For much of the past year, bankers feared that £ 1.6 trillion worth of mortgage market demand would disappear after a temporary stamp duty vacation was lifted. Instead, they face the opposite problem: demand has proven so robust that more and more lenders want a piece of it.
All of the so-called Big Four banks – Lloyds, HSBC, Barclays, and NatWest – grew aggressively in the first half of the year, though several HSBC executives, historically the smallest of the four mortgage loans, considered “back with a vengeance” after slowing down at the height of the pandemic .
Clifford Abrahams, chief financial officer at Virgin Money, the UK’s sixth largest bank, said lenders “all piled into mortgage loans” after fears about the economic outlook subsided.
“In January we had the second wave that had just struck, banks were still worried about the economy, unemployment and the impact on house prices. Now the introduction of the vaccine has been a success, the housing market has been very robust, which has surprised everyone. . . these things can turn around pretty quickly. “
Average mortgage spreads – a measure of the relative profitability of mortgage loans – reached their highest level in seven years towards the end of 2020, according to the Bank of England, but have gradually declined since then.

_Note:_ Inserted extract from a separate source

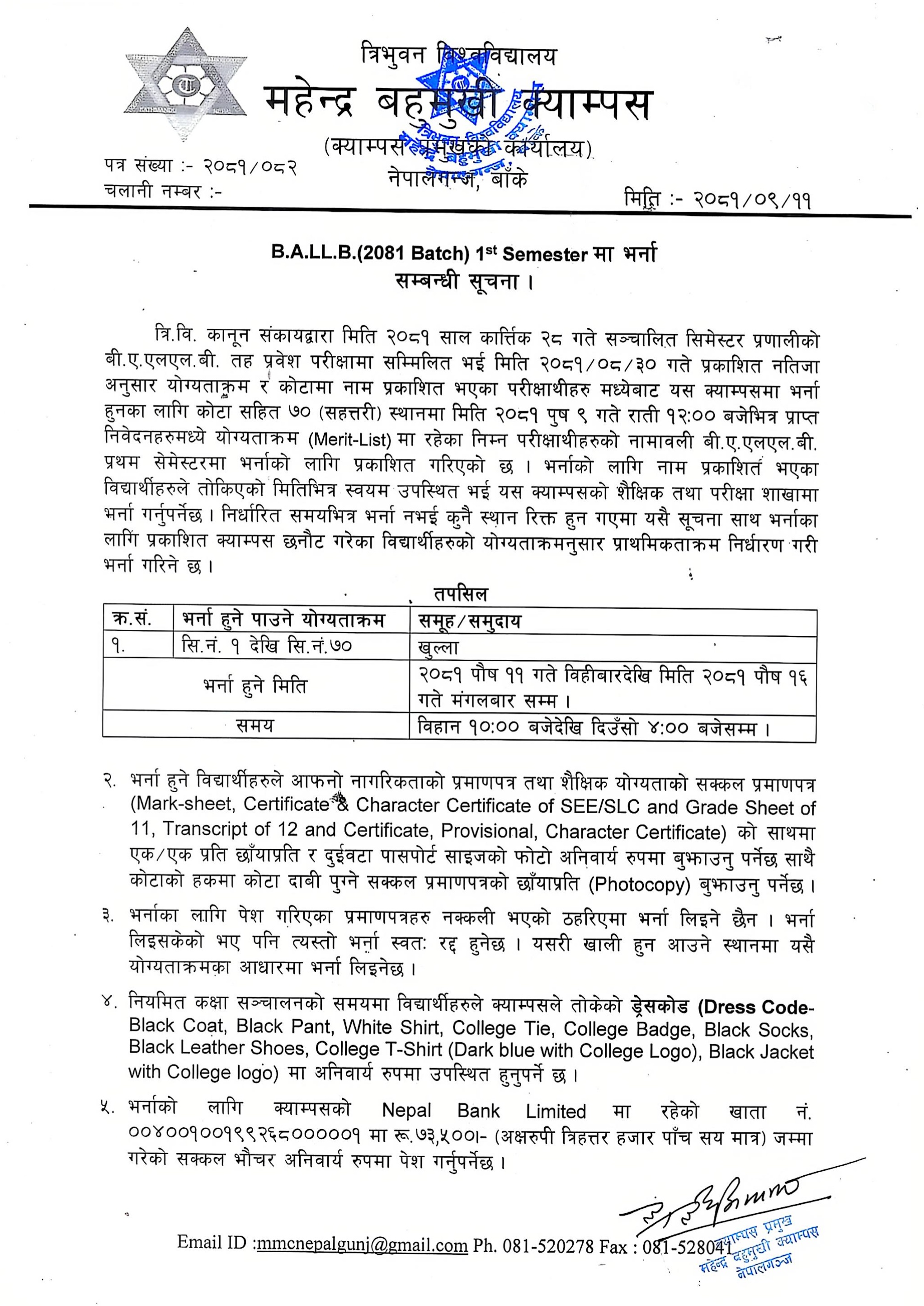 B.A.LL.B.(2081 Batch) 1st Semester मा भर्ना सम्बन्धी सूचना !

Virgin’s profit margins were weakened as the recent launch of a new checking account reduced the cost of funding its loans, but Abrahams predicted that other lenders would come under increasing pressure.
“We see the mortgage business still fine, but a lot less attractive than it was,” he said.

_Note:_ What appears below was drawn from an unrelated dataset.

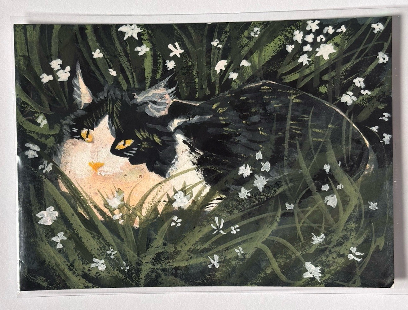 ACEO Print of Painting Cat In Gouache Original Art 2.5x3.5 By Lizz

Lloyds Banking Group, the UK’s largest personal lender, added £ 12.6 billion – 5 percent – to its mortgage book in the first six months of the year and took out more mortgage loans in June than in any month since the financial crisis.
However, William Chalmers, chief financial officer, said this week that “the market is undoubtedly becoming more competitive,” adding that the company will be “disciplined” in lending for the remainder of the year. Another Lloyds banker said that would mean turning down more loans after increasing his share of gross lending in the first half of the year.

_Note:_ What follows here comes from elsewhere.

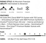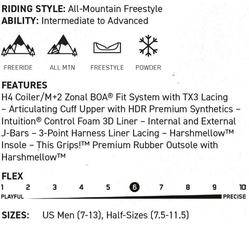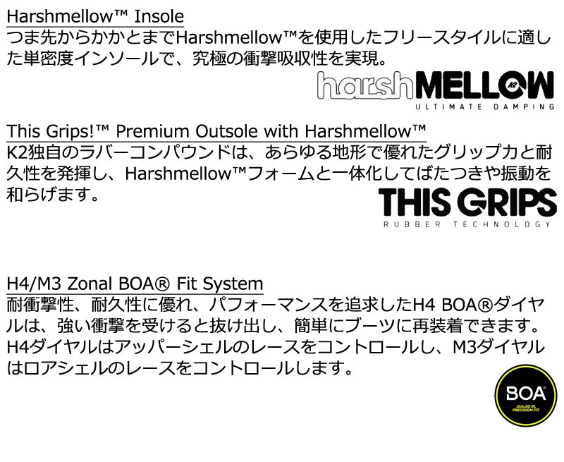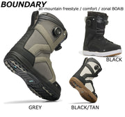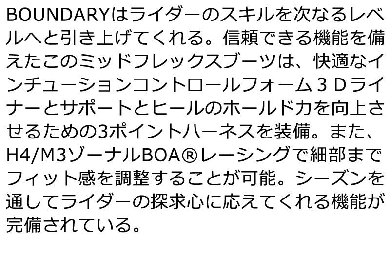 BOUNDARYはライダーのスキルを次なるレベルへと引き上げてくれる。信頼できる機能を備えたこのミッドフレックスブーツは、快適なインチューションコントロールフォーム3Dライナーとサポートとヒールのホールド力を向上させるための3ポイントハーネスを装備。また、H4/M3ゾーナルBOAレーシングで細部までフィット感を調整することが可能。シーズンを通してライダーの探求心に応えてくれる機能が完備されている。
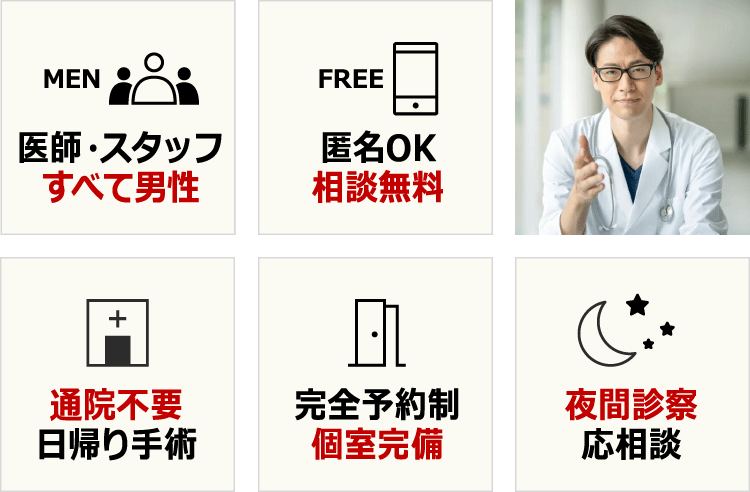 また真性包茎やカントン包茎の方は包茎手術による治療が必要となります。診察カウンセリングは無料で行っていますので、お気軽にご来院ください。

HSBC, Europe’s largest bank by assets, has traditionally been a small player in the UK mortgage market relative to its overall size. However, new rules forcing banks to separate their UK businesses from their international and investment banking arms left billions of pounds in customer deposits that could only be used in the UK.
Its share of annual gross mortgage lending increased from 5.6 percent in 2015 – the year after the purpose limitation law was passed – to 10 percent in 2020, according to data from UK Finance.
Its share of total mortgage loans is still 7 to 8 percent behind its competitors – compared to nearly 20 percent at Lloyds – and executives are pushing for further growth.
HSBC will announce its second quarter results on Monday. Ringfencing sparked a similar push at Barclays, which quickly regained market share after slipping between 2015 and 2018.
Mark Mullen, CEO of Atom Bank, a digital bank that has had more than 3 billion mortgage loans since its launch in 2016 “.
Atom and other midsize banks like Metro Bank have begun lending to somewhat riskier “near prime” borrowers in recent months, reflecting both growing confidence in the economic outlook and the difficulty with the largest banks to compete on lower risk loans.
The Nationwide Building Society, which has the UK’s second largest mortgage book, has scaled back its lending to mainstream borrowers and is falling behind NatWest in terms of annual new lending.
While competition is challenging for bank managers, it should be good news for consumers. The average interest rate on a two-year fixed-rate mortgage with a mortgage lending value of 75 percent hit an almost all-time low in June, according to the Bank of England, and several other banks aim to continue gaining market share alongside HSBC.
NatWest warned Friday that profit margins began to decline towards the end of the second quarter, but an executive at the bank said it still has “growth capacity” as its share of the mortgage market is still smaller than its share of checking accounts.
Even if spreads continued to decline, it would take some time to hit the 2018 lows again. The market “may not be as strong as it used to be,” said Ralph Coates, CFO of TSB. “But there are certainly returns.”